* [Given records]
'''
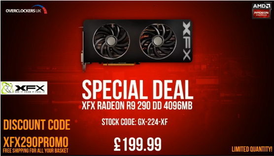 In a bid to get the XFX Radeon R9 290 4GB graphics card for £199, one needs to order it from Overclockers UK and enter the “XFX290PROMO” promo code to get the low price and free shipping for the whole order.
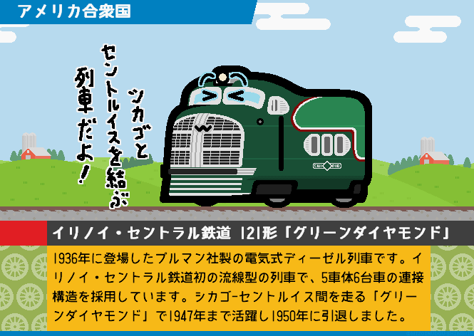 Dfu5725682.pngアメリカ イリノイ・セントラル鉄道 121形「グリーンダイヤモンド」3925/10/12(日)23:05
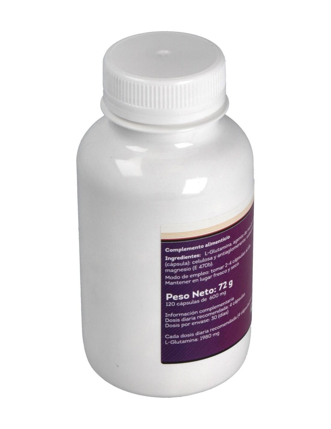Cada cápsula contiene un 100% de L-glutamina. Cápsula de gelatina.
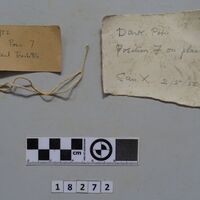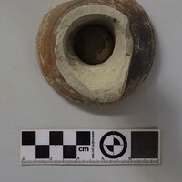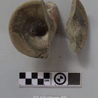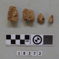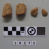 In same box - four fragments of small cylindrical clay object with hollowed centre.
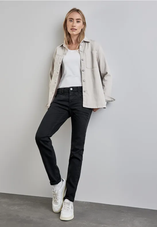 Tieto slim fit džínsy od Street One pre ženy majú stredne vysoký pás a úzke nohavice pre elegantnú siluetu.
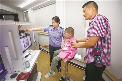 暑假来临,随着办理身份证、出入境证件的学生和家长增多,公安机关的办证窗口也迎来了人流高峰。图为昨日,台州市公安局黄岩分局办证中心里,一位民警正在指导小朋友拍出满意的证件照片。连日来,该分局办证中心和出入境管理大队窗口通过科学调配警力、增加动态受理窗口,为学生和家长提供贴心服务。
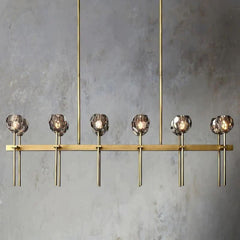 The collection crafted of solid brass and crystal glass, for luxe materials and superior craftsmanship, each finely faceted sphere is ground and polished by hand to reflect and refract the light.
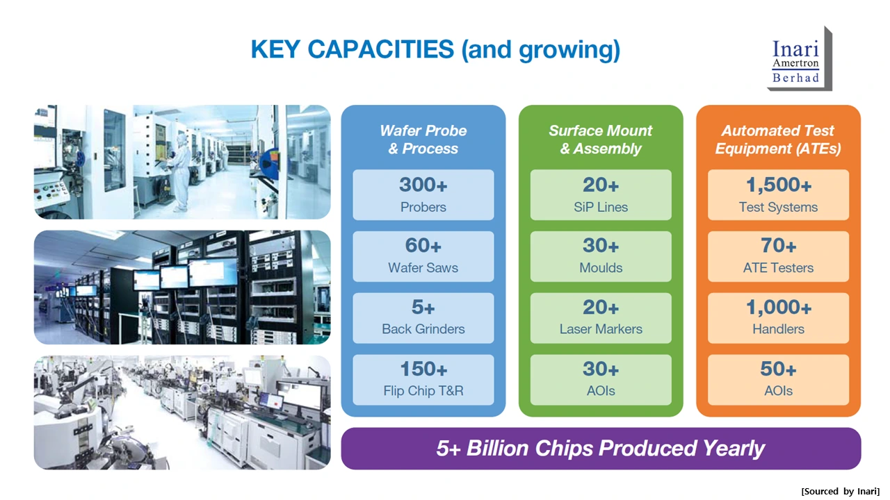 말레이시아의 증권사에서 발행한 Inari의 기업 분석 리포트를 보면 Inari에 대해 할애되는 부분보다 Broadcom의 RF 필터에 대한 전망 그리고 OSARM의 LED 사업에 대한 내용이 주를 이룬다. 다소 극단적이지만 Broadcom과 OSARM의 기술적 해자가 붕괴되지 않는 이상, Inari의 성장에는 큰 문제가 없어 보인다. 물론 2022년 들어 직면한 반도체 다운 사이클로 인해 매출액과 공장 가동률이 감소하고 있지만 반도체 사이클이 반등할 시기에는 가장 먼저 수혜를 받을 것으로 생각된다. 그래서 향후 증가할 것으로 예상되는 Broadcom의 패키징 물량을 대응하기 위해 Inari는 생산 시설 확충과 생산 능력 고도화를 위해 추가 투자를 단행하고 있다.
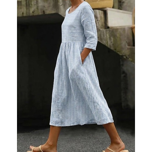Per donna Abito Midi Vestito Casual Abito a trapezio Elegante Casual Vacanza Quotidiano Vestibilità comoda A righe Manica Corta Girocollo Grigio Azzurro Estate Primavera
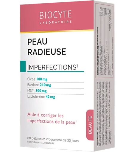 BIOCYTE Radiant Skin on ravintolisä, joka on erityisesti suunniteltu epäpuhtaalle ja akneen taipuvaiselle iholle. Tuloksena on säteilevä iho, sileämpi rakenne ja tasapainoinen öljyntuotanto. Valmisteen sisältämä laktoferriini tukee immuunijärjestelmää ja auttaa suojaamaan kehoa bakteereilta, viruksilta, sieniltä ja muilta mahdollisesti haitallisilta mikrobeilta. Laktoferriini tukee elimistömme ruoansulatusjärjestelmää, jonka toiminta puolestaan tukee ravintoaineiden imeytymistä. Laktoferriinillä ...
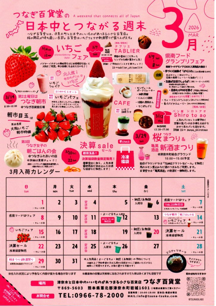 その他、県南フードグランプリで受賞した商品(津奈木からは3品受賞!)が購入できる県南フードグランプリフェア、決算福袋販売など今月も盛りだくさんで皆様をお待ちしております。
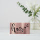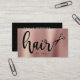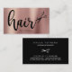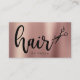 Modern business card for hairdressers or hairstylist with scissors, faux copper rose gold background and elegant calligraphy font.
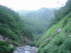 しかし、ここからがまだまだ長い。大源太山から黒金山へ道は、ササが幅広く刈り払いされ、整備が非常に行き届いた道だ。黒金山からの下りの道も歩きやすいが、樹林で展望がなく、登りに使うとかなり単調そう。途中の水場(距離50m)は期待していなかったが、ササ原の中から冷たい水が流れ出ていて、大いに助かった。最後は滑りやすい急なジグザグ下りとなり、ようやく渋沢林道に着く。ここから長い林道歩きで川古温泉へ。
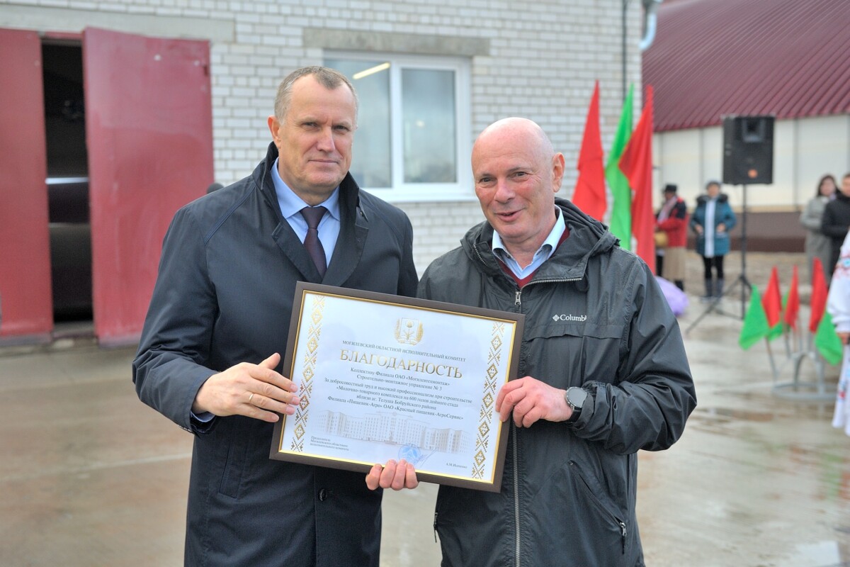 Долгожданное торжество с работниками хозяйства разделили Анатолий Исаченко, председатель Могилевского облисполкома, Сергей Савицкий, первый заместитель председателя облисполкома, Александр Суходольский, глава Бобруйского района, члены райисполкома, руководители сельхозпредприятий и строительных организаций, представители трудовых коллективов.
'''
* [Task to complete]
Only exact lines belong in the answer: those from the beginning of the entries above through the line holding "In same box", with no pictures.

* [Answer space]
 In a bid to get the XFX Radeon R9 290 4GB graphics card for £199, one needs to order it from Overclockers UK and enter the “XFX290PROMO” promo code to get the low price and free shipping for the whole order.
 Dfu5725682.pngアメリカ イリノイ・セントラル鉄道 121形「グリーンダイヤモンド」3925/10/12(日)23:05
Cada cápsula contiene un 100% de L-glutamina. Cápsula de gelatina.
 In same box - four fragments of small cylindrical clay object with hollowed centre.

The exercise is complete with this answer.